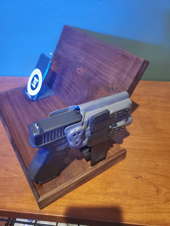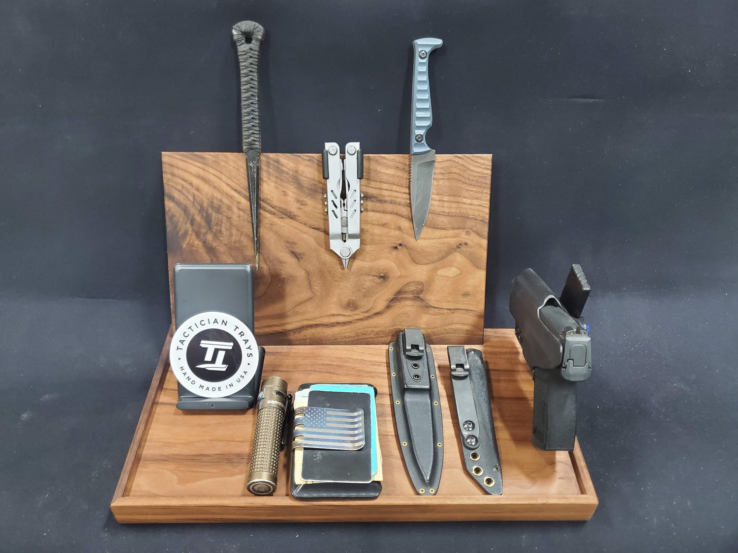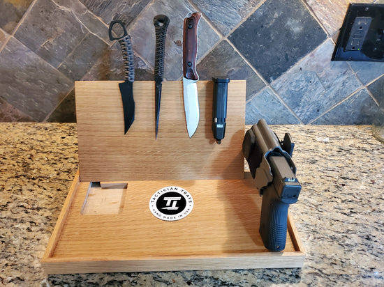 These trays have been designed with safety and convenience in mind. The holster bar allows you to store your firearm safely in the holster so it never has the trigger exposed. This innovative design makes it easy to go straight from your belt to the holster bar with ease. The back wall is fully magnetic to store all of your EDC gear and the phone charger is wireless for an all in one charger for phone, watch and earbuds. Tactician Trays are built to order and have a lead time of about 5-8 weeks.
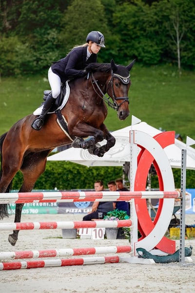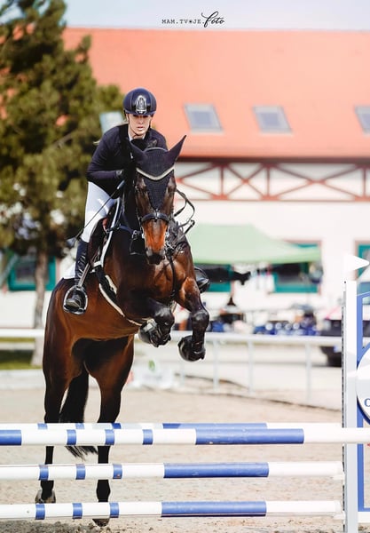Madlen RUF 6-jährige Stute Vater: Nabab de Rêve Mutter von Aristo Z Saubere Röntgenaufnahmen auf Anfrage verfügbar. Geeignet für den Hochleistungssport, aktuell im Turniersport bei 125–130 cm (L, S) erfolgreich. Junge Pferde Meisterschaften (KMK): – 120 cm als Fünfjährige – platziert/ausgezeichnet – Als Sechsjährige nicht gestartet Preis ab 47.000 EUR Madlen RUF verfügt über ein sehr gutes Temperament, ist menschenbezogen, leicht zu handeln, mutig und einfach zu reiten. Sie macht fliegende Wechsel automatisch, ist freundlich zu Menschen und anderen Pferden und besitzt einen ausgeglichenen Charakter ohne Vorerkrankungen. Leicht zu transportieren (auch alleine) und gut beim Hufschmied. Sie kann den Reiter bei den Sprüngen unterstützen, reagiert sehr fein auf die Sitzhaltung, ist fleißig und bemüht, den Reiter zufriedenzustellen. Sie geht alleine ausreiten und ist zuverlässig. Sie wird nach einem 12/12-Trainingsplan gehalten. Ihre großzügigen, schönen Gänge, inklusive eines großen, bodenständigen Galopps, zeichnen sie aus. Diese Stute ist zu 100 % für den Spitzensport geeignet, aktuell im Training bei 140–150 cm, geritten von einer Frau. Größe: 173 cm.
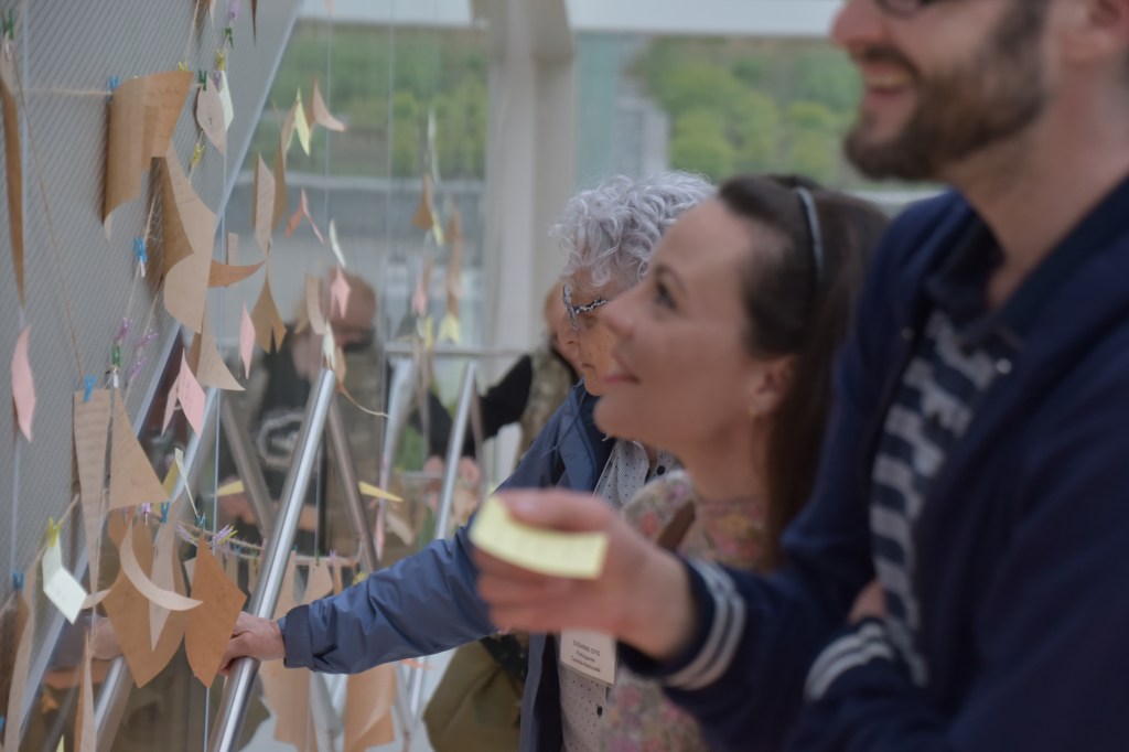 Les souhaits recueillis de façon numérique, retranscrits à l’aide de crayons bios sur du papier compostable, ont été exposés au Musée national des beaux-arts du Québec (MNBAQ) le 16 mai 2022 en soirée. Dans l’espace vitré des « escaliers suspendus », les deux cents personnes présentes ont gravi l’installation immersive où elles étaient enveloppées de souhaits murmurés et de musique douce composée par Olivier Amyot-Ladouceur. Chaque participant.e, invité.e à cueillir le rêve de son choix, a ensuite ajouté le sien à l’endos. Au terme du parcours, des graines de fleurs sauvages et de fines herbes étaient remises, afin d’enfouir souhaits et graines en terre, à l’endroit de son choix, pour faire fleurir un espace où le rêve peut grandir.
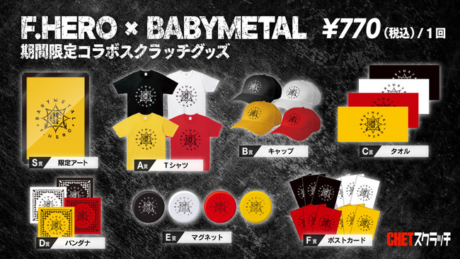 「クリエイティビティ×テクノロジー」の力でIP開発を行う株式会社CHET Group(本社:東京都品川区 代表取締役CEO:小池祐輔)が展開するレーベル「CHET Asia」は、2022年5月13日(火)から、 F.HERO×BABYMETALオリジナルロゴの限定コラボ商品を「CHETスクラッチ」にて日本限定で販売いたします。
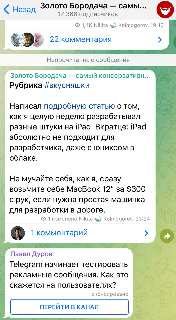 . У меня пока чисто. #стартапдня пора пилить свой форк телеги с адблоком 😈
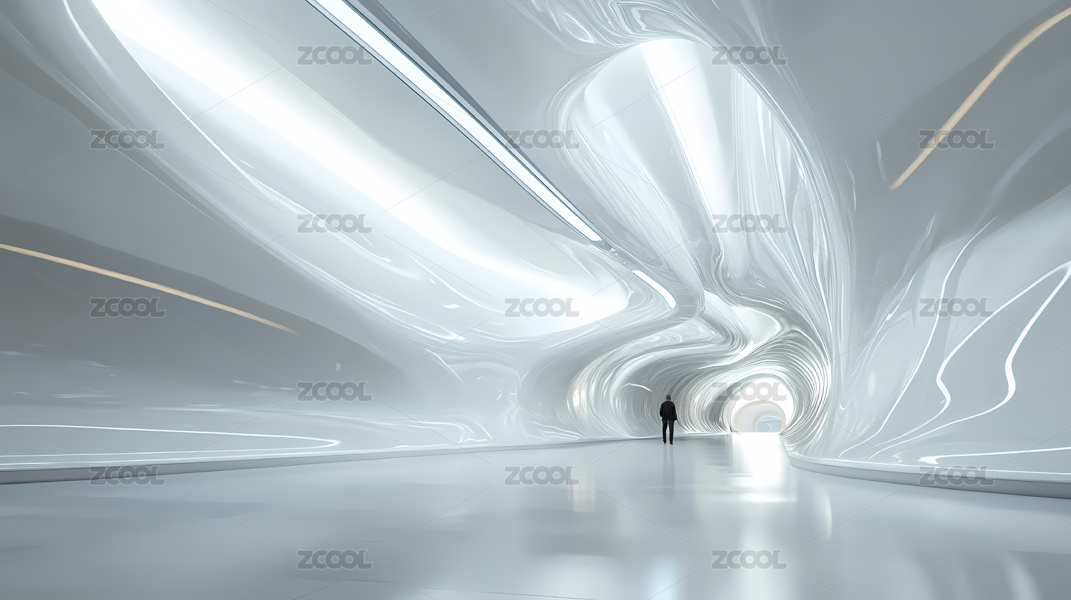 未来主义白色建筑隧道
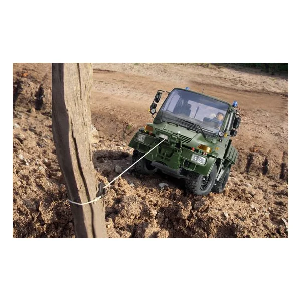 Le son original du moteur est joué par le module son qui dispose de hautparleurs intégrés. Des pneus caoutchouc très adhérents sécurisent le comportement routier, dans le cas ou le Unimog serait bloqué, le cable treuil permet de facilement dégager le camion par lui‐même. Le kit est complet, incluant la batterie de propulsion de l’Unimog, le chargeur, les accus pour l’émetteur. Le Unimog n’a pas besoin d’équipement supplémentaire.
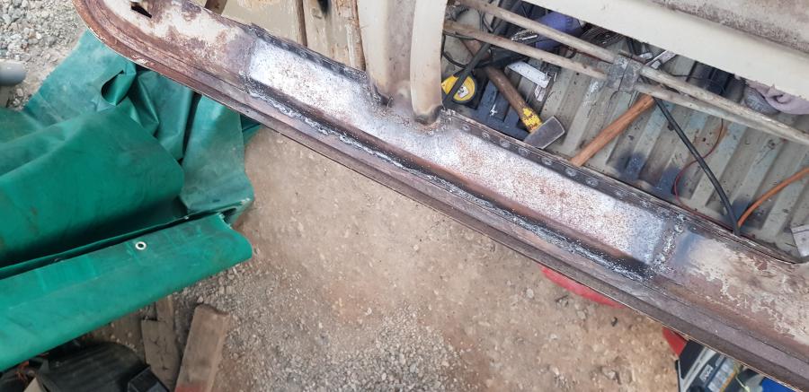 Soudure realisée dans les tous debuts qui etait pas du tout terrible c'est mieux depuis Un peu de peinture a volé a l'interieur de la cloche a nettoyer mais bon guide de butée usiné et butée montée J'attend le reste de la commande et si je peux dans la semaine finir les soudures sur mon bas de panneau car pas pu entre les averses du week end reste encore pas mal de tolerie mais petit a petit sa diminue ..
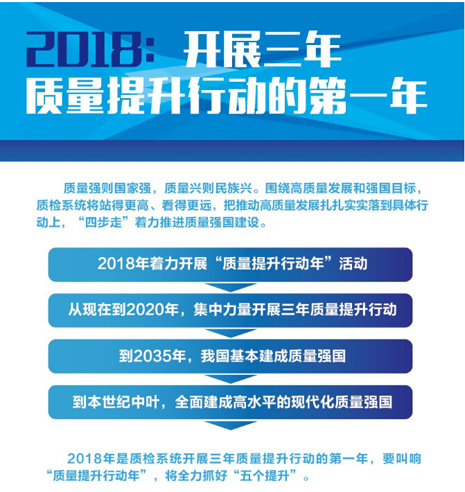 從全國質檢工作會議上獲悉:2018年,國家質檢總局將著力開展“質量提升行動年”活動,從增加農產品、食品藥品優質供給,促進消費品提質升級,提升裝備制造競爭力,提升原材料供給水平,提升建設工程質量水平,推動服務業提質增效,提升社會治理和公共服務水平,加快對外貿易優化升級等8個方面,集中力量開展3年質量提升行動。
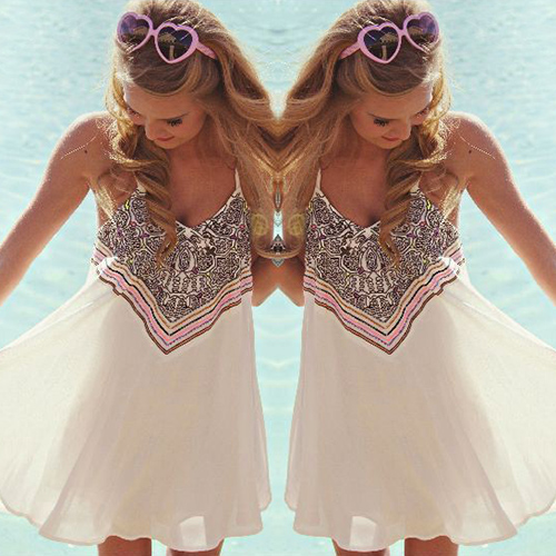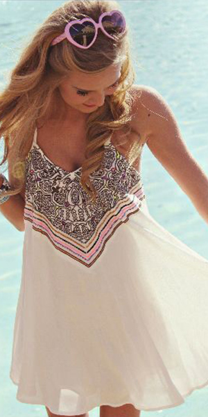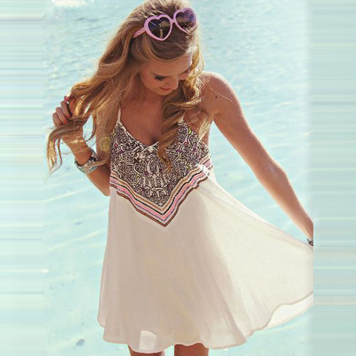 With a sheer chiffon with printed spliced design, this piece will let you bare your sun-kissed

§ Task goal: This task calls for restating, word for word, each line from the line holding "с адблоком 😈" through the end of the material, pictures left out.

§ Answer for the task:
 . У меня пока чисто. #стартапдня пора пилить свой форк телеги с адблоком 😈
 未来主义白色建筑隧道
 Le son original du moteur est joué par le module son qui dispose de hautparleurs intégrés. Des pneus caoutchouc très adhérents sécurisent le comportement routier, dans le cas ou le Unimog serait bloqué, le cable treuil permet de facilement dégager le camion par lui‐même. Le kit est complet, incluant la batterie de propulsion de l’Unimog, le chargeur, les accus pour l’émetteur. Le Unimog n’a pas besoin d’équipement supplémentaire.
 Soudure realisée dans les tous debuts qui etait pas du tout terrible c'est mieux depuis Un peu de peinture a volé a l'interieur de la cloche a nettoyer mais bon guide de butée usiné et butée montée J'attend le reste de la commande et si je peux dans la semaine finir les soudures sur mon bas de panneau car pas pu entre les averses du week end reste encore pas mal de tolerie mais petit a petit sa diminue ..
 從全國質檢工作會議上獲悉:2018年,國家質檢總局將著力開展“質量提升行動年”活動,從增加農產品、食品藥品優質供給,促進消費品提質升級,提升裝備制造競爭力,提升原材料供給水平,提升建設工程質量水平,推動服務業提質增效,提升社會治理和公共服務水平,加快對外貿易優化升級等8個方面,集中力量開展3年質量提升行動。
 With a sheer chiffon with printed spliced design, this piece will let you bare your sun-kissed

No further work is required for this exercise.